Redigital — Production Readiness Assessment

Internal decision document · Prepared with AI-assisted analysis

Executive summary

The Redigital codebase (Django + React multi-tenant SaaS) is structurally complete and runs locally. However, a comprehensive audit identified 92 issues including 29 critical ones across security, data isolation, payment correctness, and performance. The system cannot safely host paying customers in its current state.

Bringing it to production-grade — secure code plus the operational infrastructure a real SaaS needs (CI/CD, monitoring, alerting, backups) — is realistically a 3-4 month effort for one engineer working with AI assistance, or about 2 months with two engineers in parallel.

Most urgent, regardless of any other decision: Live production API keys (Stripe, OpenAI, Anthropic, Postmark, Cloudflare R2, Tiptap) are hardcoded directly into the source code and committed to git history. These need to be rotated this week — independent of any remediation timeline.

Current state of the codebase

What works

The stack boots cleanly under Docker (Postgres, Redis, Django, Huey worker, Mailhog all healthy)
Database migrations apply without errors across ~120 migration files
The React/Inertia.js marketing site renders correctly
The signup form loads and validates input
Routing, settings, and dev tooling are in place; a deployment story exists (Fly.io configs for staging and production)

What doesn't

CRITICAL Multi-tenant isolation is broken under production load. apps/tenants/utils.py:11 uses threading.local() to track the active tenant; under thread-pooled workers, threads are reused across requests and Tenant A's context can persist into Tenant B's request. Result: User B sees User A's data. Silent, no error.
CRITICAL WebSocket authentication bypass at apps/live/consumers.py:37-48. Anonymous users can connect to any channel UUID and intercept real-time collaboration data.
CRITICAL Hardcoded production credentials in apps/ai/services/utils/agent.py, config/settings/base.py, config/settings/production.py, fly.toml, fly-staging.toml, and assets/js/components/editor/tiptap.jsx.
CRITICAL No database transactions wrapping multi-step operations (payment flows, tenant creation, invitations). Webhooks have no idempotency or deduplication, leading to race conditions and double-charge potential.
HIGH IDOR vulnerabilities across 10+ API endpoints — cross-tenant data access via direct object reference.
HIGH XSS sinks in 4 places (file upload preview, diff renderer, email iframe, MJML preview).
HIGH Near-zero automated test coverage — every fix carries regression risk.
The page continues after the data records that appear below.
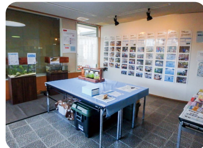
令和4年8月18日(木)～8月31日(水) 名張市立図書館
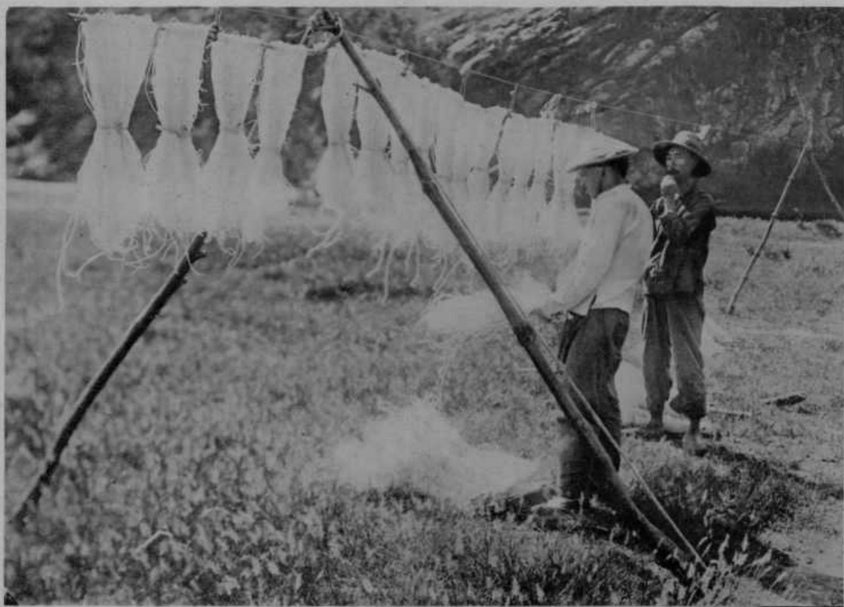
Kitajci imajo poseben način, kako si pripravijo okusne rezance (nudle). Iz krompirja naredo neke vrste moko, to skuhamo, razvlečemo v testo, napravijo rezance, ki jih v debelih povsemih posuše na prostem.
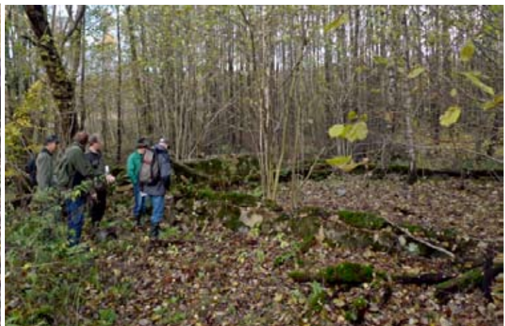
Till vänster syns en riktig prima jordkällare och till höger en del av resterna av byggnaderna.

Multi-tenancy: real by design, broken in practice

The architecture is row-level multi-tenant. Every tenant-scoped model inherits TenantModelMixin (apps/tenants/models.py:504), which adds a tenant_id foreign key. A custom TenantModelManager (apps/tenants/mixins.py:268) auto-filters queries by the active tenant. Nine apps participate in this scheme; users can belong to multiple workspaces with different roles.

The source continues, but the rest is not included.